Trump’s bluster and personality make the second alternative a long shot as well. Quite simply, Trump has thus far resisted admitting to any mistakes, and has shown no inclination to revoke or disavow his statements about Muslims. Indeed, in defiance of the district court’s injunction in this case, Trump was adamant that he should “go all the way” and revert to the broader, first version of the EO. He has attacked every setback to his agenda thus far as the incompetent work of rogue courts. Despite his otherwise consistently unpredictable behavior, the notion that he would admit that he was wrong to have targeted Islam or singled-out Muslims, seems predictably unlikely.

It is worth noting that even these alternatives would not necessarily address other potential constitutional and statutory challenges, like the due process claim in this case. And, if somehow either alternative came to pass, Katyal’s concession here would certainly provide fodder for the government’s defense of those policies against establishment clause challenges in the future. However, in the immediate case, Katyal’s strategic concession may have provided the judges with the concrete alternatives they needed to feel comfortable finding religious animus under these facts. The theoretical (albeit remote) possibility of achieving similar policy goals allows the panel to consider the overwhelming evidence of religious animus in this case, without feeling that they have permanently constrained Trump, or any future president, from responding to actual national security threats.

The Legacy of the Opinion

Finally, both advocates closed their argument in similar fashion. Both agreed that the court’s ruling would transcend the case and set historical precedent. They disagreed, however, on what that legacy should be.

Katyal closed by positioning federal courts as the hero of the story, saving the republic and its constitutional values from an ill-intentioned chief executive. Continuing the injunction, he claimed, would change absolutely nothing about the constitution’s allocation of executive and judicial powers. Indeed, the outlandishness of the president’s religious animus both necessitated judicial intervention and ensured that the ruling would not unduly hamper future executive action. In contrast, Wall warned of the dangers of judicial meddling in areas beyond its competence. Accusing the plaintiffs of forcing a policy disagreement into the judicial arena, he framed the court’s intervention as overreach into the political sphere. By continuing the injunction, the court would be immodestly interjecting itself into the center of contentious national security debates for the foreseeable future.

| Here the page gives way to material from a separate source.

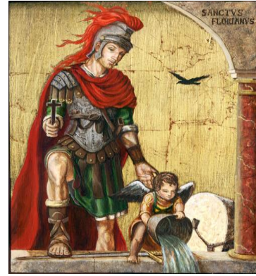
St. Florian Patron Saint of Firefighters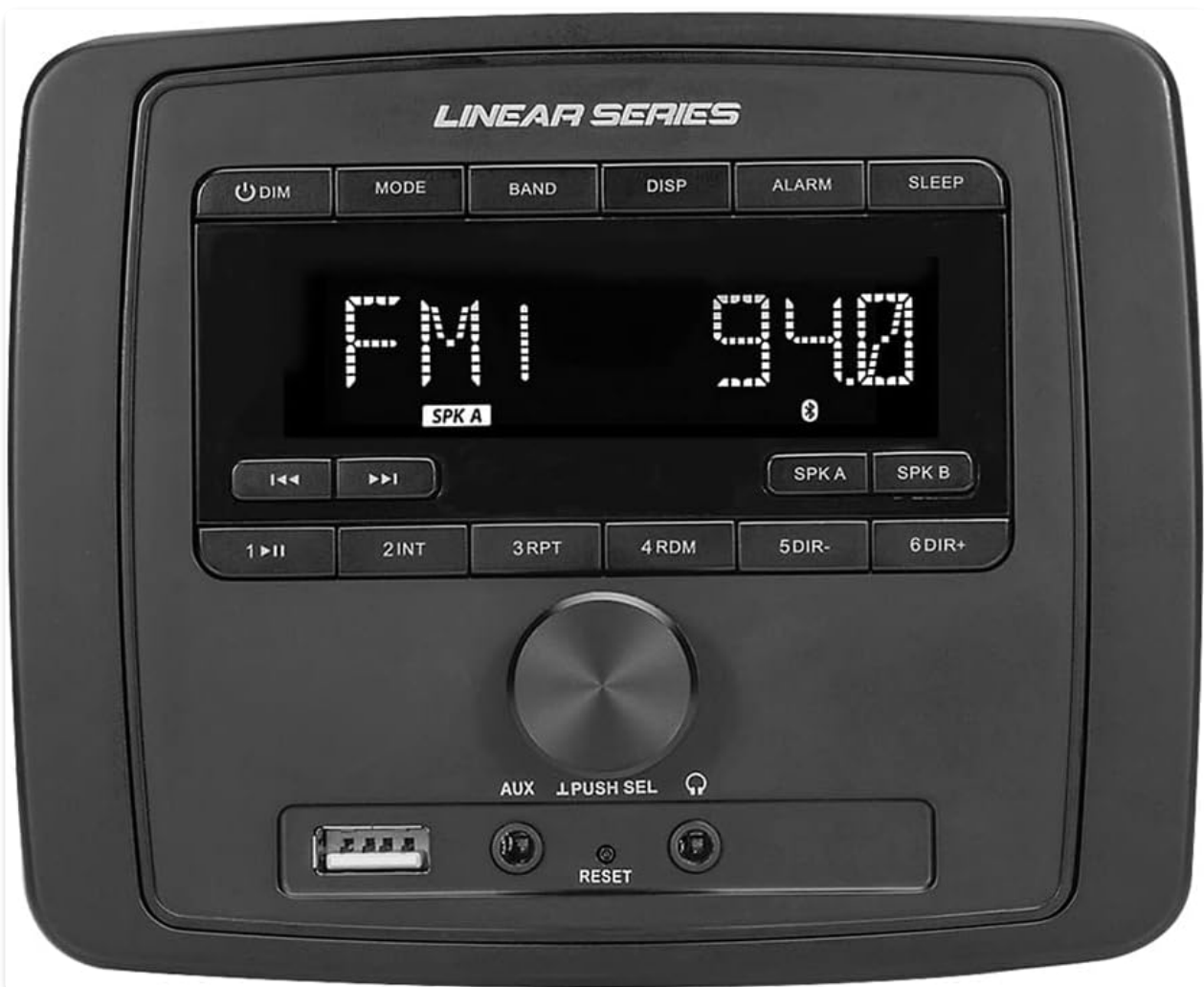
Figure 2.1: Front panel of the RV3000 receiver.

Given the grave national importance of the case, and the possibility of several lower court opinions, the ultimate resolution of Trump’s second attempt at a Muslim ban may only come with the next term of the Supreme Court. In the meantime, however, all eyes are on the judges of the lower federal courts as they wrestle with these questions under intense public scrutiny. Because of this context, it would appear that Katyal got the better of the closing arguments. Before leaving the podium he reminded the court that it was in the same courthouse, several decades ago, that a federal court convicted and detained a U.S. citizen of Japanese descent, by deferring to the dubious claims of wartime necessity advanced by the executive branch. That court’s abdication of meaningful judicial review resulted in yet another racist and shameful episode in American history. The question left unasked, but clearly implied, was whether this Ninth Circuit panel was similarly willing to risk being on the wrong side of history.